First, get the four requirements sorted out (digit, symbol, uppercase, lowercase) and put it into a string for later.

Then, fill the pass with 11 random ASCII characters, all of which can be found directly on your keyboard.

Then, insert the requirement string at a random position so that generated passwords are more unique.

function pwGen {

    $upper = [char](get-random (65..90))
    $lower = [char](get-random (97..122))
    $digit = [char](get-random (48..57))
    $symbol = [char](get-random (33..47))

    $requirement = $upper + $lower + $digit + $symbol

    foreach ($number in (1..11)) {
        $ascii = [char](get-random (32..126))
        $pass += $ascii
    }

    $pass = $pass.insert((Get-Random (1..11)),$requirement)

    return $pass
}

JavaScript 258

R=Math.random;function a(b){return b[b.length*R()|0]}for(x=[a(l="abcdefghijklmnopqrstuvwxyz"),a(u=l.toUpperCase()),a(n="0123456789"),a(s="`~!@#$%^&*()_+-={}|[]\\:\";'<>?,./")];15>x.length;x.push(a(l+u+n+s)));alert(x.sort(function(){return 0.5-R()}).join(""))

Bash on *nix (114)

while ! grep -q [A-Z].*[a-z].*[0-9].*[^A-Za-z0-9]<<<$a$a$a$a
do a=`tr -dc !-~</dev/urandom|head -c15`
done
echo $a

To work correctly, $a must not be set to a valid but non-random password up front. If you want to include a= and a line break up front, that's three more characters but it allows you to run the thing repeatedly. You can obviously also replace all newlines with ; so you have a one-liner which you can execute as often as you whish.
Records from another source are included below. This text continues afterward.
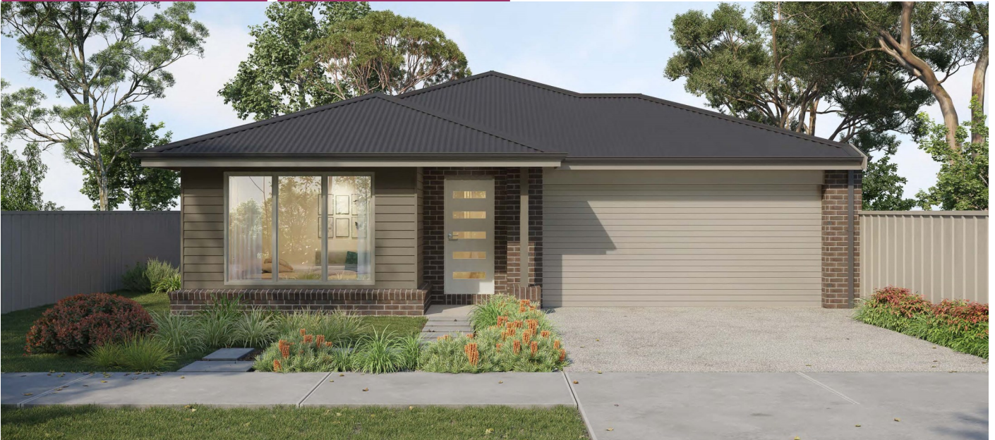
Image & façade shown for illustrative purposes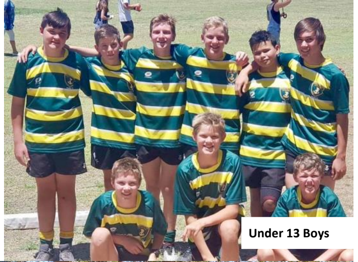
Under 13 Boys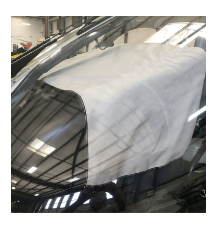
Eurocopter EC-135 Instrument Panel Heatshield Cover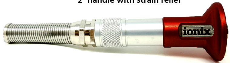
2" handle with strain relief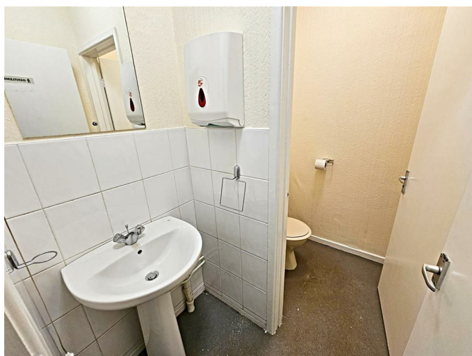
WC, wash hand basin, part tiled walls, double glazed window to side.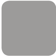
LIGHT GRAY T47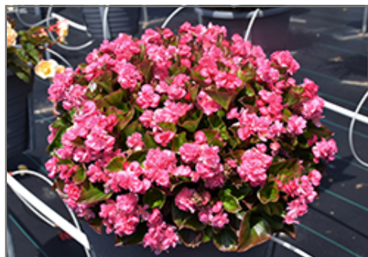
Double Up Pink Begonia in bloom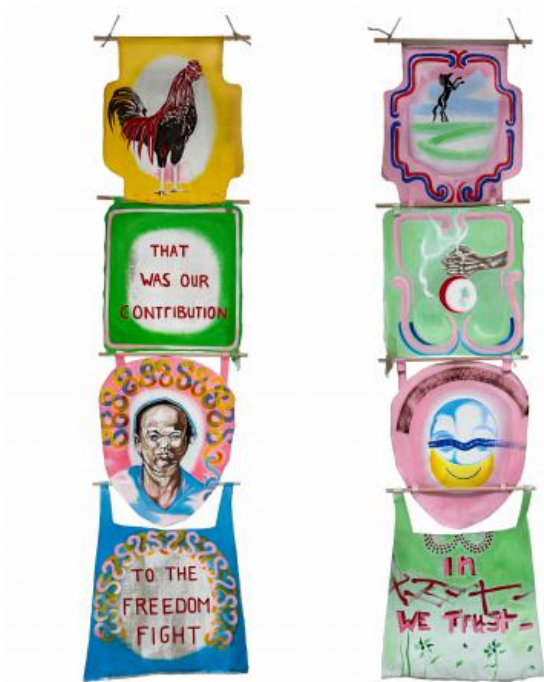
In roosters we trust, 2024 oil/acrylic/canvas, ± 200 x 50 cm. double sided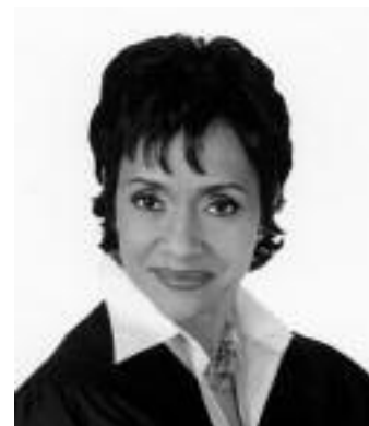
Luncheon Keynote Speaker Judge Glenda A. Hatchett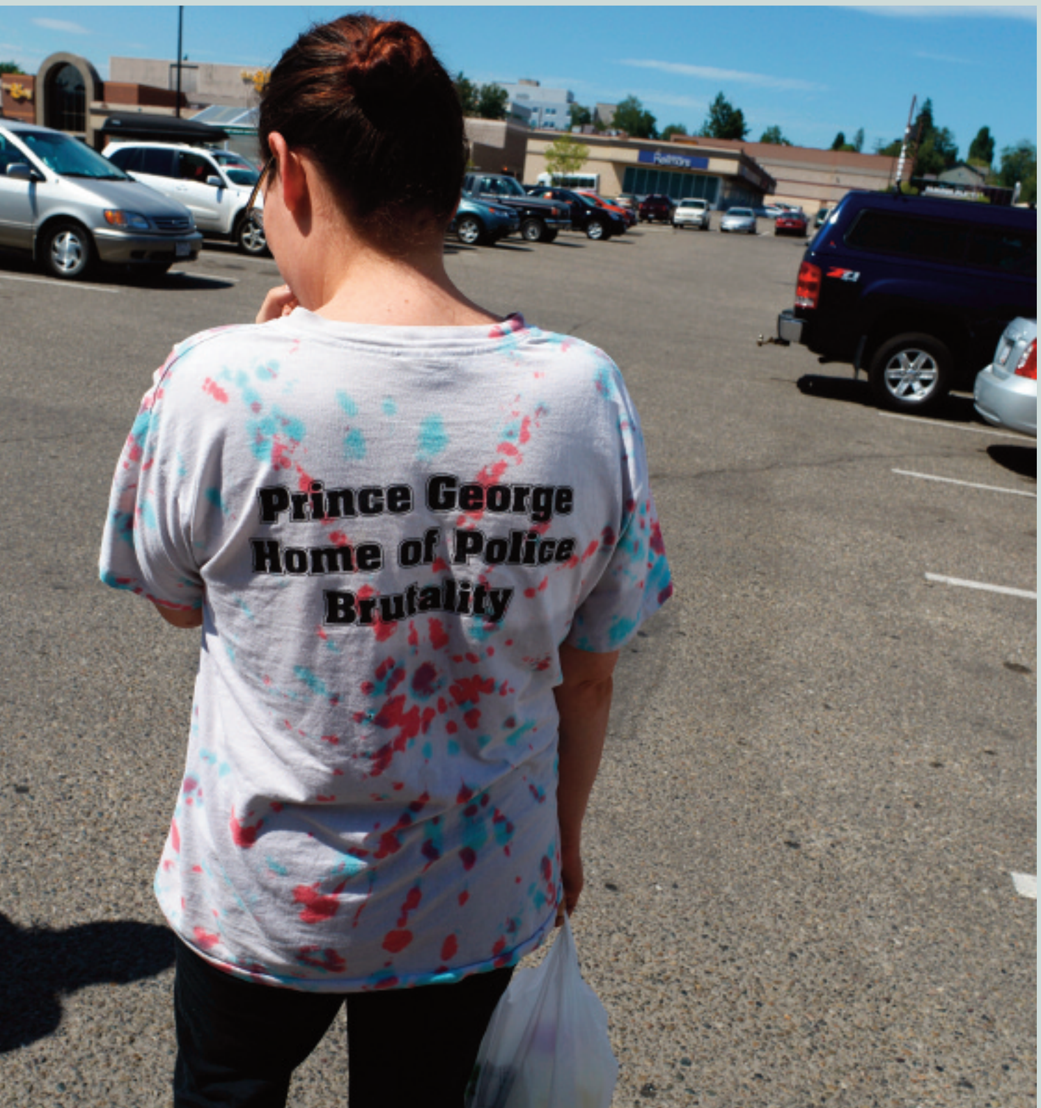
A woman wears a T-shirt with a slogan about police brutality in Prince George, British Columbia. In ten towns across northern British Columbia, Human Rights Watch documented failures in policing and protection of indigenous women and girls.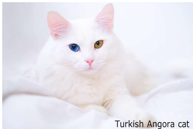
Turkish Angora cat

A white Turkish Angora cat with odd eyes (heterochromia), which is common among the Angoras.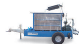
STANDARD AND SOUNDPROOF MOTORPUMPS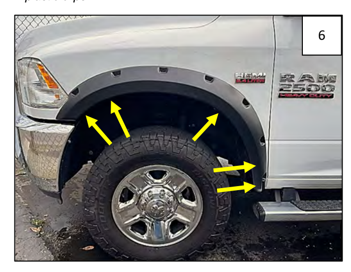
Align flare with vehicle. Start 5 factory screws through holes in flare and into factory holes.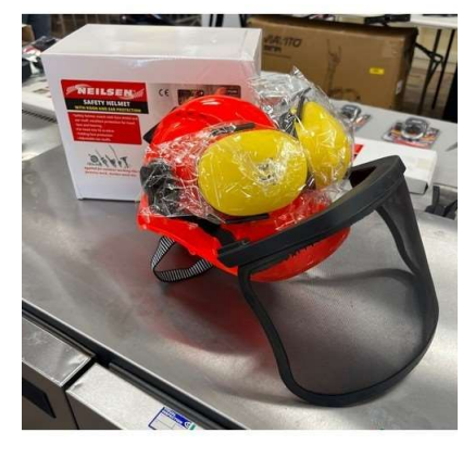
92. V - SAFETY HELMET WITH VISOR AND EAR PROTECTOR CT5290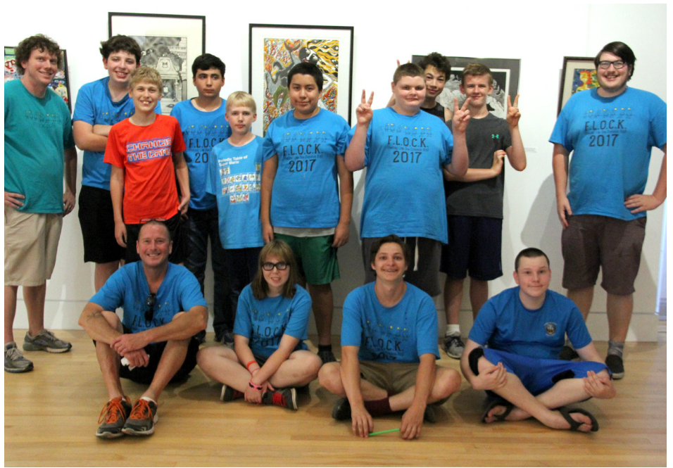
Flock Level II at MONCA

Level One was able to visit the Gateway science museum, visit local playgrounds and participants were also able to go on several community lunch outings.

Furthermore, you should have set LC_ALL=C or not set any locale-specific environment variables (LANG and LC_CTYPE in particular), since the character ranges depend on collation order being equal to ascii order.

/dev/urandom is the a source of random bytes. !-~ is the range of all permissible characters, as specified in the question. tr -dc removes all characters not listed in its next argument. head takes 15 of the remaining characters. grep checks whether each of the required kinds does occur at least once. Its input consists of four copies of the candidate, so order of the symbols does not matter, hence all possible passwords stand a chance of getting selected. The -q to grep suppresses output.

For reasons unknown, /dev/random instead of /dev/urandom takes ages. It seems like entropy got exhausted pretty quickly. If you cd into /dev, you can avoid some more bytes, but that feels a bit like cheating.

Python 2 (153) or Python 3 (154)

Same idea.

import re,random
a=''
while not re.search('[A-Z].*[a-z].*[0-9].*[^A-Za-z0-9]',a*4):
 a=''.join(random.sample(''.join(map(chr,range(33,127))),15))
print a

For Python 3, the you'd write print(a), which costs one more byte.

JavaScript (168)

a=[];for(i=33;i<127;)a.push(s=String.fromCharCode(i++));
while(!/[A-Z].*[a-z].*[0-9].*[^A-Za-z0-9]/.test(s+s+s+s))
for(i=0,s="";i<15;++i)s+=a[Math.random()*94|0];alert(s)

I added the newlines for readability, but did not count them.

Clojure (63):

(->> (map char (range 33 128)) (shuffle) (take 15) (apply str))

But need to be improved to ensure that containing at least 1 character of each category (Upper, Lower, Digit, Symbol).